» What needs to be done
Search the material for the string "your", then return every line where it is found.

» Task data
○ ○ ○

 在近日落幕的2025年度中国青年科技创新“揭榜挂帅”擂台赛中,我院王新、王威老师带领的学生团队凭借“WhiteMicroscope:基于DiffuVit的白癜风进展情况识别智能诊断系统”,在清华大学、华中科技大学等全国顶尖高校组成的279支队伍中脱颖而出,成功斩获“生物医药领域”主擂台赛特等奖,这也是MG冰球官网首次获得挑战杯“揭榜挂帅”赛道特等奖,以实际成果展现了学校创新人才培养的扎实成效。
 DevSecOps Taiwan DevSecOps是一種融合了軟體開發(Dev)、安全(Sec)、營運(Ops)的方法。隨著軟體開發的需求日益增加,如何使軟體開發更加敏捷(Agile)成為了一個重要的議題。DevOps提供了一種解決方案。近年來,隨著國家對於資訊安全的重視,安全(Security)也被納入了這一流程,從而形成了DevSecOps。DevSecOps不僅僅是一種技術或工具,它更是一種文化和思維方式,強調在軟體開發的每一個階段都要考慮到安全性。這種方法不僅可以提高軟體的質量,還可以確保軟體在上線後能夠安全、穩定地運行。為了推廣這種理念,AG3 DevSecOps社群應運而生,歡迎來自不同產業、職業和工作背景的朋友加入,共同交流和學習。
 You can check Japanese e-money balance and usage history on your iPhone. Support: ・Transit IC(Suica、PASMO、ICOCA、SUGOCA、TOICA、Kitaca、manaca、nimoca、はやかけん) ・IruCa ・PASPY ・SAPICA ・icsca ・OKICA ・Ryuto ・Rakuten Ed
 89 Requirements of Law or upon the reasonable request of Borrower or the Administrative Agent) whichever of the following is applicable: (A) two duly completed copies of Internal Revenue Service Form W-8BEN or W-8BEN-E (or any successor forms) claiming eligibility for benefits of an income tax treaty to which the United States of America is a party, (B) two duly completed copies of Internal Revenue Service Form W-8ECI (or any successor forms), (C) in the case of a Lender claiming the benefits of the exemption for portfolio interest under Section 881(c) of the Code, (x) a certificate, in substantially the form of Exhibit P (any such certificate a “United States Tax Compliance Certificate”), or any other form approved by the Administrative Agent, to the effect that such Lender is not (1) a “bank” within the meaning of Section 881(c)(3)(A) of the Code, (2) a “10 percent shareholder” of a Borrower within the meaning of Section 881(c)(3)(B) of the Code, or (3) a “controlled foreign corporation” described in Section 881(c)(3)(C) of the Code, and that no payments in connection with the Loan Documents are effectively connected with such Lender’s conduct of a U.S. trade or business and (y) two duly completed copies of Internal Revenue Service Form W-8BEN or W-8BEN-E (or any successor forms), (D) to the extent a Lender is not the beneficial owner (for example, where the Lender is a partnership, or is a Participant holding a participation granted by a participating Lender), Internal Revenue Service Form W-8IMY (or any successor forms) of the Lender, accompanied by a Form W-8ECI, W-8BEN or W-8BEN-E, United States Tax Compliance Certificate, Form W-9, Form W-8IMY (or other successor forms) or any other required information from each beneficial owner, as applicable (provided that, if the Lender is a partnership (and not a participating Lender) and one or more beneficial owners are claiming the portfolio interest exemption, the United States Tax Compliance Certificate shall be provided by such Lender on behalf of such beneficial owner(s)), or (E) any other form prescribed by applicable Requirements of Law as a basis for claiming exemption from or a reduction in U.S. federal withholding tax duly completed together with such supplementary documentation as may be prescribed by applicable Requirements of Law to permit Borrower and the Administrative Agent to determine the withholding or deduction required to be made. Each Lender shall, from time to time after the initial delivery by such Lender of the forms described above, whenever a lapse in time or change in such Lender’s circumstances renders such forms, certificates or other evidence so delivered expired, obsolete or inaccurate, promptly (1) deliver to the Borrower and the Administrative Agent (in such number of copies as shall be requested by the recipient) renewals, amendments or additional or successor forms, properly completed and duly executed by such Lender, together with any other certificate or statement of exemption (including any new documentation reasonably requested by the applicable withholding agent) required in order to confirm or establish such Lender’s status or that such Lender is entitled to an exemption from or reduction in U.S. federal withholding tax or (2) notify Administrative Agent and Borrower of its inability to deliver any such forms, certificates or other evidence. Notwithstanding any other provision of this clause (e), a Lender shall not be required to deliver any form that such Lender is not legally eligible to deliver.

○ ○ ○

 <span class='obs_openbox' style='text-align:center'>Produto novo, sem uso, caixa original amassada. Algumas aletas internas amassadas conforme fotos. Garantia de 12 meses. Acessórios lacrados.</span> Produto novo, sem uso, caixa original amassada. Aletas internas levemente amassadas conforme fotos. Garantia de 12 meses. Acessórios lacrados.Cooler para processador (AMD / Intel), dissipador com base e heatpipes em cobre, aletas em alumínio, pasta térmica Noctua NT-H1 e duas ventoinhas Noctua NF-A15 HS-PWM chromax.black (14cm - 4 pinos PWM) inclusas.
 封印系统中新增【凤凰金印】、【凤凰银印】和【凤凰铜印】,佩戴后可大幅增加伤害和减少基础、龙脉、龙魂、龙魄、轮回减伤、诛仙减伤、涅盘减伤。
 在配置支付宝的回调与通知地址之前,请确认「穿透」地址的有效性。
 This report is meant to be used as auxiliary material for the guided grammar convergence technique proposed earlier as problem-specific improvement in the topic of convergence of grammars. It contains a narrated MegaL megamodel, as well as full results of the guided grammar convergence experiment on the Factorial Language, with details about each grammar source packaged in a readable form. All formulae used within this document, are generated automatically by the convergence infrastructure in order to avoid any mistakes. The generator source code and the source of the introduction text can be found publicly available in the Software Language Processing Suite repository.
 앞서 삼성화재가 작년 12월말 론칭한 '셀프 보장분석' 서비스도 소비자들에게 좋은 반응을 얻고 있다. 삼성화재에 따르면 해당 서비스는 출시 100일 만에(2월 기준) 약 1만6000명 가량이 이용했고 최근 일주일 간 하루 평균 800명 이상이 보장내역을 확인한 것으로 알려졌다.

○ ○ ○

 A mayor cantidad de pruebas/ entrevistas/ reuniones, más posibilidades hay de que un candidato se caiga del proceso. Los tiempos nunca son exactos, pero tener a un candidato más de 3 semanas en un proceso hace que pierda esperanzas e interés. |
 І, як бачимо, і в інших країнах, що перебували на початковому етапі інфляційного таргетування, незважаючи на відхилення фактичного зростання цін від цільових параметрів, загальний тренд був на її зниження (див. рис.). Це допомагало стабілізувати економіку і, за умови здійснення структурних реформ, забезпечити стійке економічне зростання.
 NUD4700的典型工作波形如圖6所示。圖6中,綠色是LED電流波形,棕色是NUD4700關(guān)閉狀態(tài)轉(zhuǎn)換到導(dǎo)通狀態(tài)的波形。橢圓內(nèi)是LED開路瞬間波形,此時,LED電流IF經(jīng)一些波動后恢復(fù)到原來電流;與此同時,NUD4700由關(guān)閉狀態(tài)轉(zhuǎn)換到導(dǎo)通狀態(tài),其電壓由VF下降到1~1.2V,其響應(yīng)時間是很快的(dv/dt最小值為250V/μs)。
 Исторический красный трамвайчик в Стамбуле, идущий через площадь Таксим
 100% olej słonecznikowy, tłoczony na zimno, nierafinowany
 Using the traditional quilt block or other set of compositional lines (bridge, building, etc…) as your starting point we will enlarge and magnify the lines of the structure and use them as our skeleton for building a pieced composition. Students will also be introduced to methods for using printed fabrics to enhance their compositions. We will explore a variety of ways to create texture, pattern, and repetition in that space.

○ ○ ○

» Task response
 You can check Japanese e-money balance and usage history on your iPhone. Support: ・Transit IC(Suica、PASMO、ICOCA、SUGOCA、TOICA、Kitaca、manaca、nimoca、はやかけん) ・IruCa ・PASPY ・SAPICA ・icsca ・OKICA ・Ryuto ・Rakuten Ed
 Using the traditional quilt block or other set of compositional lines (bridge, building, etc…) as your starting point we will enlarge and magnify the lines of the structure and use them as our skeleton for building a pieced composition. Students will also be introduced to methods for using printed fabrics to enhance their compositions. We will explore a variety of ways to create texture, pattern, and repetition in that space.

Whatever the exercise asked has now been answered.